The course aims to provide an in-depth understanding of digital innovation and technology transfer,
focusing on risk assessment, climate change, artificial intelligence, and biomedical applications. It
will analyze digital innovations in climate change, risk assessment, and biomedical diagnostics,
with particular attention to AI techniques. Additionally, the course introduces innovation processes
from research to market, analyzing practical cases and criteria for selecting research outcomes for
practical applications.
There are no strictly mandatory prerequisites for students.
A basic understanding of the concepts of innovation, especially in the technological field, and knowledge transfer, as well as intellectual property (e.g. patents and trademarks), can be useful to address issues related to innovation management.

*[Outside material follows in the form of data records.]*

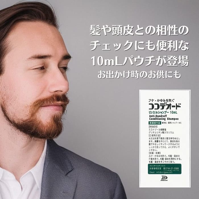 白銀製薬のココデオード薬用リンスイン シャンプーは、年齢性別を問わない使いやすいシャンプーです。殺菌効果のあるミコナゾール硝酸塩・抗炎症効果のあるグリチルリチン酸ジカリウムが配合されているため、フケ・かゆみ・炎症を防止します。
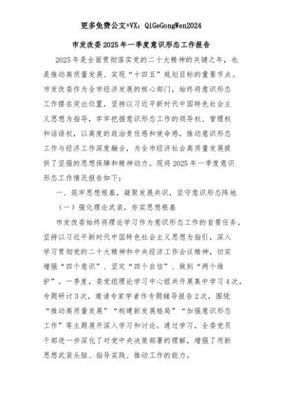 【七哥公文】2025年:市发改委2025年一季度意识形态工作报告+更多免费公文+VX:QiGeGongWen2024+更多免费公文+VX:QiGeGongWen2024
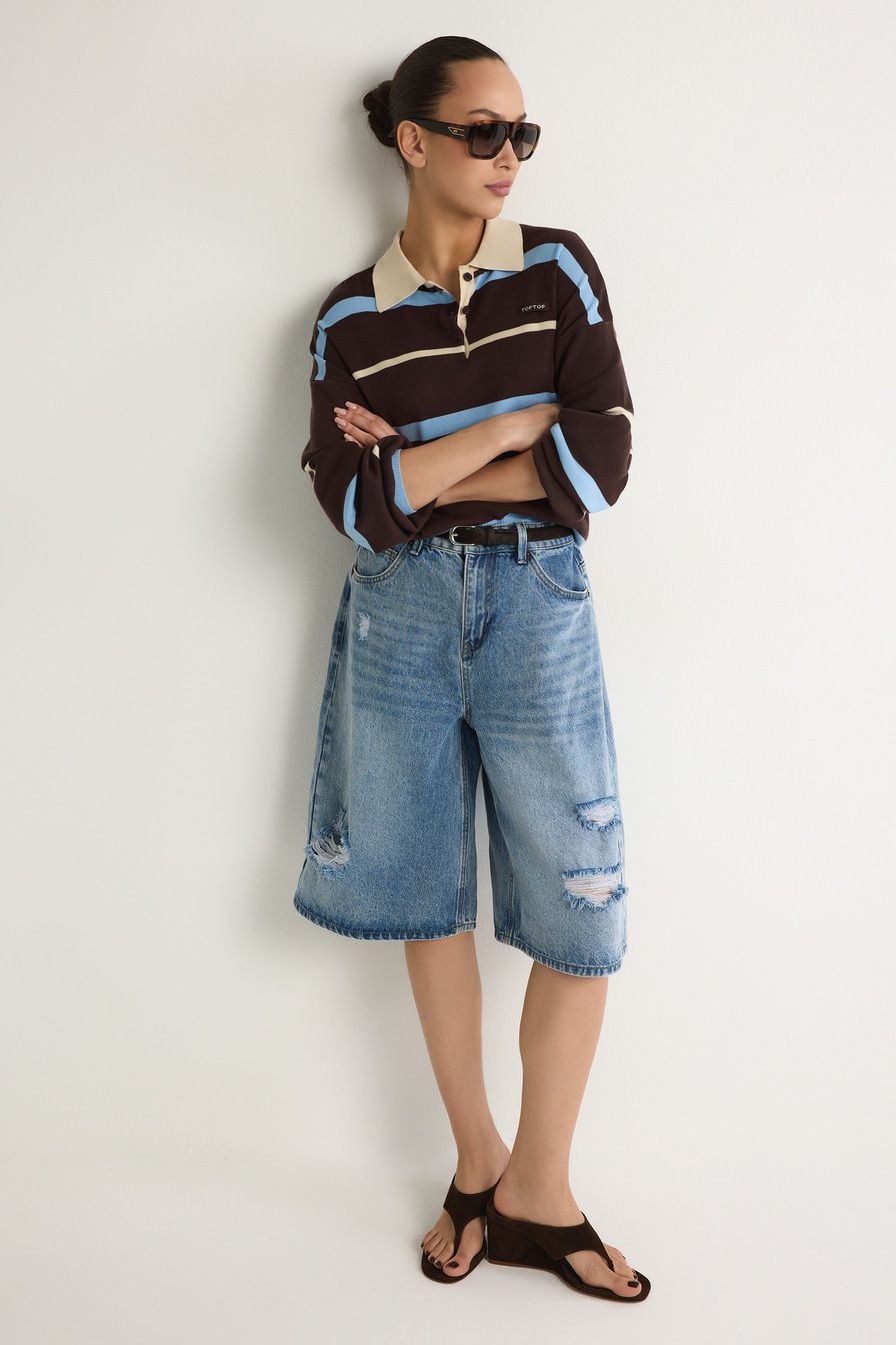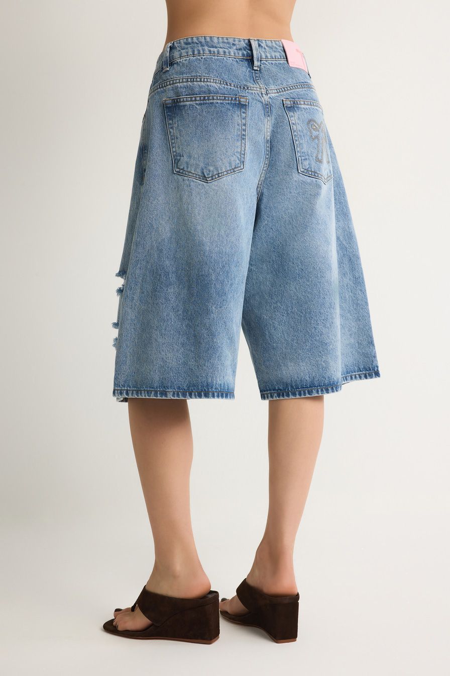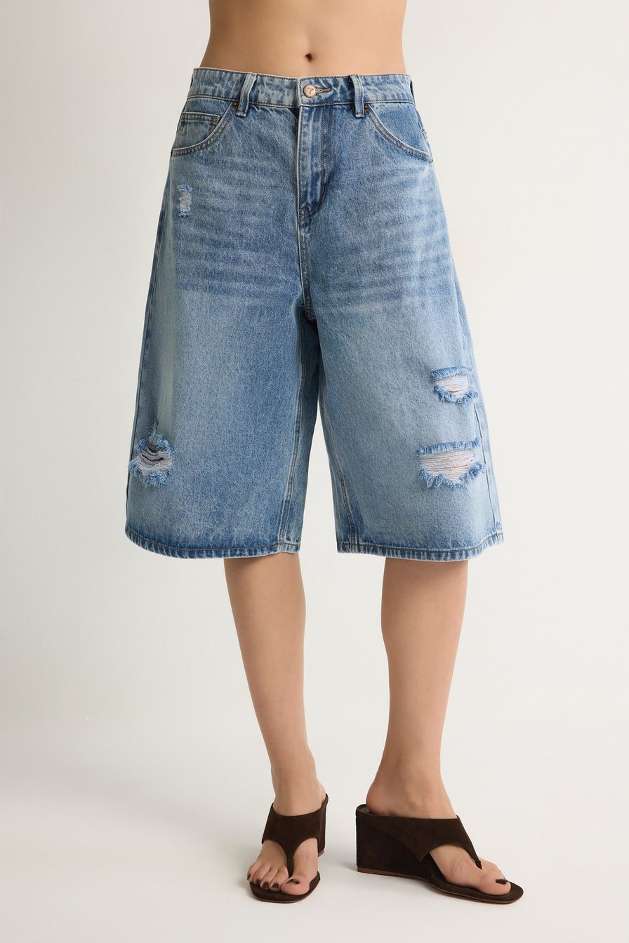Синие джинсовые шорты из 100% хлопка – модель свободного кроя. Шорты декорированы потертостями и разрезами.

A basic knowledge of the concepts and techniques of risk assessment and artificial intelligence can also be useful.
Finally, students will be asked to present a project on their own business idea-technology transfer, so it is useful to have good communication skills, both written and oral, to prepare and present reports and projects effectively.
The course involves active student participation. There will be lectures and interactive labs for
implementing the final project.
To receive credit recognition, attendance of at least 75% of the scheduled hours is required. A
project presentation will be required and evaluated at the end of the course, including potential
questions on the topics covered.
The course will examine digital innovations in climate change, risk assessment, medical diagnostics
with AI, and cultural heritage. Students will learn to define and differentiate concepts of risk and
damage, using qualitative and quantitative approaches, and exploring strategies for adaptation and
mitigation. European regulations on technology transfer and the management of industrial property,
including patents and trademarks, will be examined. The course will also cover topics related to
startups and spin-offs, teaching students how to develop business plans and analyze competitors.
Case studies such as "Mate" for climate change and "DeepTrace" for AI diagnostics will illustrate
practical applications. The course concludes with the preparation and presentation of a final project
on a technology transfer entrepreneurial idea, integrating all acquired knowledge.
Part of the course material will be made available at the end of the lectures.